■ Bös blöd: Die „Erste Berliner Blondinenparty“
: Zirka 231 rollige Männer

Berlin (taz) – Alle Gerüchte stimmen, behauptet der Volksmund. Hier also kurz die blonde Nachrichtenlage: „Sie gleichen einer Schrotflinte, beide werden nach vorne abgeknickt und von hinten geladen. Sie sind unökologisch, mann kann sie nur einmal benutzen und muß sie dann wegwerfen. Sie unterscheiden sich von der Titanic, bei der nämlich weiß man, wieviel drauf waren.“ Ja, ja bös blöde Sachen erzählen die Menschen über Blondinen, seit die Ostfriesen- und Mantafahrerwitze out sind. Und so hatten die dunkelblonde Iris und die goldblonde Suse noch halbwegs trendy zur „Ersten Berliner Blondinenparty“ geladen.

Ort des Geschehens: eine Hinterhofgalerie in Berlins Osten. Motto: Blondinen bevorzugt. Gäste: zirka 231 rollige Männer, hauptsächlich dunkelhaarig, 57 Frauen, davon 36 brünett oder schwarz, der Rest blond. Hinter der Theke: das Rosenresli im zuckersüßen Püppchenkleid, eine langhaarige Blondine, in jeder Hinsicht ums Klischee bemüht. Wenn Baccaras „Yes Sir, I can boogie“ durch die Boxen schrummert, dann wiegt Rosenreslis Blondschopf im Takt, während ihre netzbestrumpften Beine jungmädchenhaft wippen. „Ist das nicht schön“, sagt sie einmal mit ihrer tiefen Männerstimme und schaut erwartungsvoll zu all den Kamerateams, die vor Begeisterung fast erblonden. Eine Vox- Kollegin etwa ist für Lilo Wanders „Wa(h)re Liebe“ unterwegs. Sie sucht mindestens einen (1) Einfaltspinsel, der ihr ein (1) einschaltquotengeiles Interview gibt. Er soll vor laufender Kamera Dinge sagen wie beispielsweise: „Ich lege gerne eine Blondine aufs Kreuz, um sie dann richtig durchzu... äh.“

Auf der Bühne zwitschern inzwischen ein paar putzige Ziervögel: zwei Damen (blond) und ein Herr (blond). Sie nennen sich „Libidow“ und sind eine richtige Band. Eigentlich sind sie zu fünft. „Zwei sind noch unterwegs“, sagt die blonde Veranstalterin Suse, „aber bei Glatteis kann's ja länger dauern.“ Draußen nieselt es.

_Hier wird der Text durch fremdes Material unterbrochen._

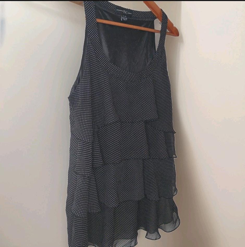Vintage black and white polka dot, tiered, sleeveless top by I.N.C. (International Concepts)

Die Libidows auf der Bühne singen so etwas wie „I love devotion“. Das klingt wie frühpubertierende ABBA. Im Hintergrund schwingen sieben bis acht kecke Mädels (blond) die Hüften. Eine stirnbandgeschmückte Aschblonde wirft dabei demütig den Kopf in den Nacken. Ein Vox-tauglicher Gast bemerkt: „Die haben alle zusammen den IQ eines Pantoffeltierchens.“

In dem poppig-orangenen Raum stehen aufklappbare Space- Schalen. Auf einem dieser Stühle hängt eine Dame mit Trompetenhose aus den 70ern. Vor ihrer Brust peppt ein Schild: „Ich war eine fiktive Blondine“. Sich vom blonden Kult loszusagen, lallt sie, das sei etwa wie das Rauchen aufgeben. Insgeheim würde sie sich freuen, bald wieder rückfällig zu werden.

Und spätestens jetzt wird klar: Die Blondine trägt ihr Stigma mit Stolz. Kein Grund also für eine Selbsthilfegruppe. Nummer 45, eine kleine Frau, und wie sich später herausstellt, Rosenreslis Mutti, hat sich ihre Haare sogar extra gefärbt. Blond natürlich. Die Nummer trägt sie übrigens für die Wahl der allerblondesten Blondine des Abends.

Die Party: gerade mal „schräg“ und „schrill“ genug für zwei Fotos in der Springerpresse. Und das mißfällt einigen. Beim Rausgehen erklärt eine Dunkelblonde ihrem Freund: „Nächstes Mal bestimme ich, wo wir hingehen.“ Und ihre Augen leuchten, ohne daß eine Straßenlaterne Licht in ihre Ohren wirft. Tomas Niederberghaus

(weißblond)

hab' die pointe nicht verstanden, wer erklärt sie mir, fragt der straßenköterblonde red.